The Secret Diary of Janey Jones

This is so beautiful. I've been perusing this thread from the beginning. I love the way you write, and the way your mind whispers. I was the daydreamer, too, and my mind still whispers to me, even when I don't want to hear it. :heart:
The rough rocked river, the stream of consciousness: can we hold on to the slick rubber boat? Will we fall out and crack our heads on a floating tree log? Do we wear a life preserving jacket? We know at the end of the roaring frothy rapid is either a waterfall or a dead dry river bed. It's the whispering in our head.

And we can swim with the words because there is no sense swimming up-stream.

Thank you Whisper-Go. :heart:
 
/walks by on the shore to catch a glimpse of time flowing by.

Is it because it is Springtime and the snows have departed, withdrawing from the glare of light and the media light of the sun?

Or does the reason for an appearance or disappearance matter when this binary switch operates on such a small scale?

Perhaps it matters least of all as all I can observe from the shoreline is the polarized light reflected from the waves, and my consciousness streams along like the drops of the river.
 
In these street gutters the water doesn’t trickle dirty in drops, it floods the stormy drains in our brains.

I don't have the answers, but surely they matter. I am splashing around in the sick sewer with boardwalk rats. Where is the shore?
 
I have become rather promiscuous as a cyber lover including two married women seeking me out on the twitters but the best is a student midwife I message on tumblr that I make come with my words.

I'm just not so good at getting everything together in real life.
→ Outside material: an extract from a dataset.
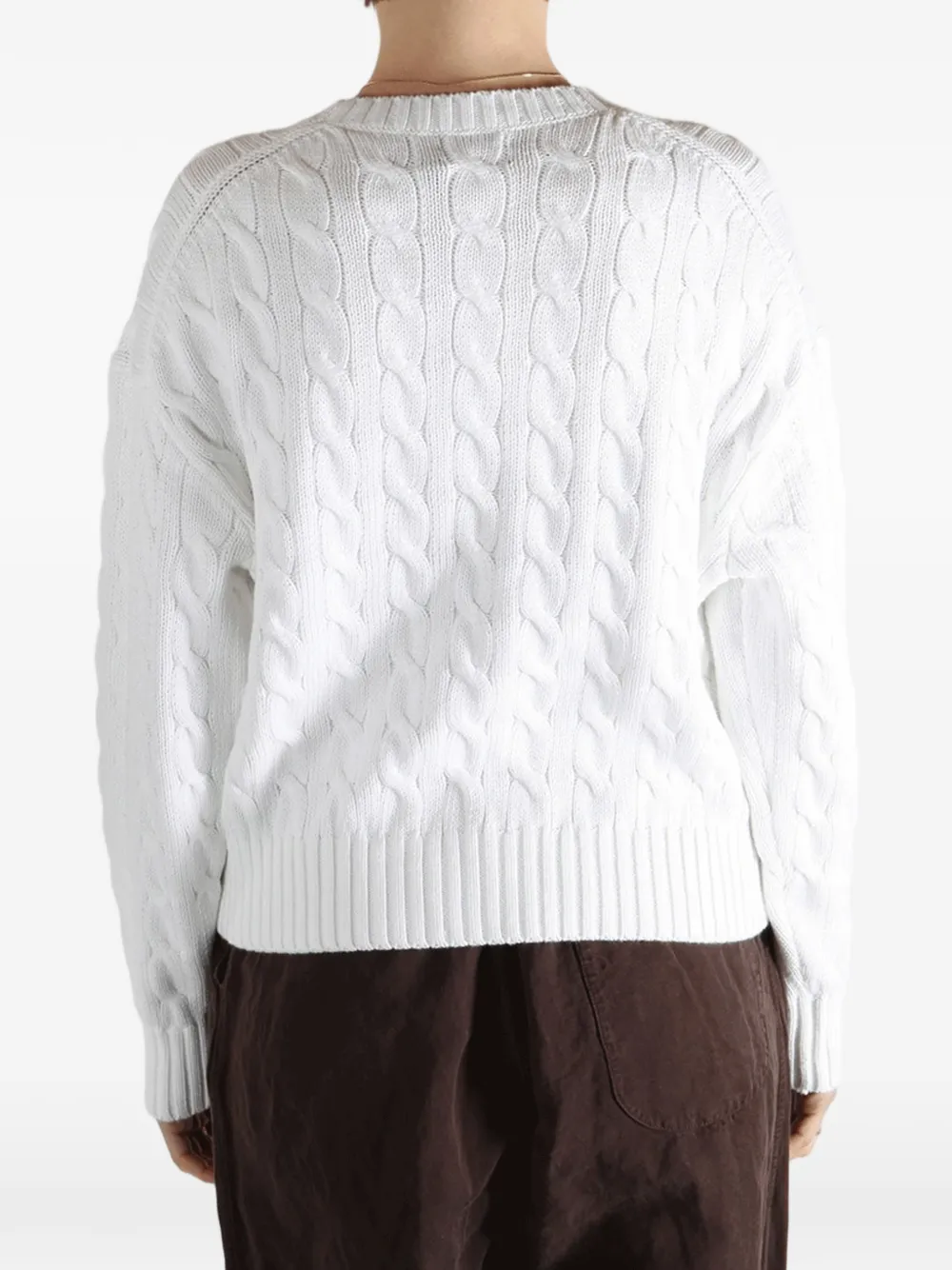 Белый джемпер с косами, круглый вырез, ребристый низ, длинные рукава, вышивка с логотипом

I've missed out on the fun of youth but I've also dodged some bullets. I know more now and I don't have the guilt.

I need a chance to get it in. I want to penetrate that grad. I'm sick of the last woman who had me and used me once being two years ago.
 
Forget about the user abuser and focus on the getting in the grad girl. She will be the lucky one. :heart:
 
I'm never sure if later has arrived.
Things change and my perspective... morphs.
Later is here every minute. My hair changes, and I change my underwear.
I don't think my perspective has changed much since childhood. I know more now, there are facts, skills, and experiences learned. It's just that these young eyes won't grow up. It's always been a problem and a solution. It's an adaptation syndrome for the life.
 
That is good news
I hope you share some here, I enjoy your way with words
I read what I typed today and wasn't too happy. It can't be forced. It's like a damn virgin. I can't pop my asshole story cherry with a gallon of lube.
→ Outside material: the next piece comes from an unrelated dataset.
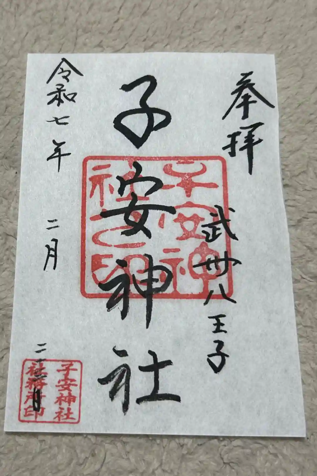 真ん中に子安神社と書かれ、右に武州八王子の文字、真ん中に子安神社之印、左下に子安神社社務所印が押されています。

It's going line by line like an ounce of coke up some man's nose. He's got a limp dick.

I dropped the water on the macbook pro and it was fucking pissed. The fucker won't turn on and it doesn't have a cock to suck, but I got a memory stick.

I can't stick the stick in my dicked head. I'll keep writing words here, there, and everywhere cause you know words are just letters on a string cut out on the construction paper we build our life on. It's easy to write when read.

I cut my hair short and made some big curl bangs. I dumped a fiver $ of cheap color liquid jet black on the top. It's fucking crazy wild and I like way it looks.

I am headed out some day not soon to the dive where the men grease their hair, and light up smokes with the Zippo flame. I will be wearing a dress, or some pin-up style shorts. I really don't know.

Where do the poets speak? I will stand up half blushing and read out loud hoping someone will understand simplified expression. It's a joke. I have been writing to myself all these years in my head.
 
I could float down the Delaware in a rubber raft with a book lover, but I will always want that river worthy home-grown sail boat and six of blue ribbon that I wasn’t old enough to drink. I was always old enough to remember the scent.

All the small sails weather the life storm. It doesn’t matter how big the swell. Are we a dinghy, or are we a tall ship? That depends if we make it to the shore alive and back to the truck with pink sun faces and baby oil slick skin. That depends on how we face the river ripple.

It was a dream that seemed to take forever to make true because there are jobs to do, and it’s not easy to build any boat, but we float. We don’t bail, and we don’t fetch life preserving jackets that don’t exist. You jump off the side and swim. It’s the only way.

And what’s a girl to do with this life? Write qualitative themes and saturate the data to find meaning to questions that are not well formulated?

We sail on in our dreams because there will always be red skies at night, and red skies in the morning. It’s a storm. And we take booty like pirates that work without stealing.

We don’t anchor this ship. There is no leash in this water.
 
The Innamorati

We love to be in love. There is no loving each other, we just want to love desperately. So, we make it all up. We extreme make believe that there is no living without loving. We love ourselves more and more, but we want to love each other even more than that. It’s the pursuit of love like young love. I will pout and it’s not attractive. You will slap my face off. There is great acting. The playwright lives in our heads. It’s the idea of dramatic loving that we love. We are the innamorati. It’s all very funny. It’s a comedy and we laugh to the tears.
 
The psychiatrist prescribed me the love potion number nine. It’s a controlled substance. I looked into the mirror and fell in love with myself.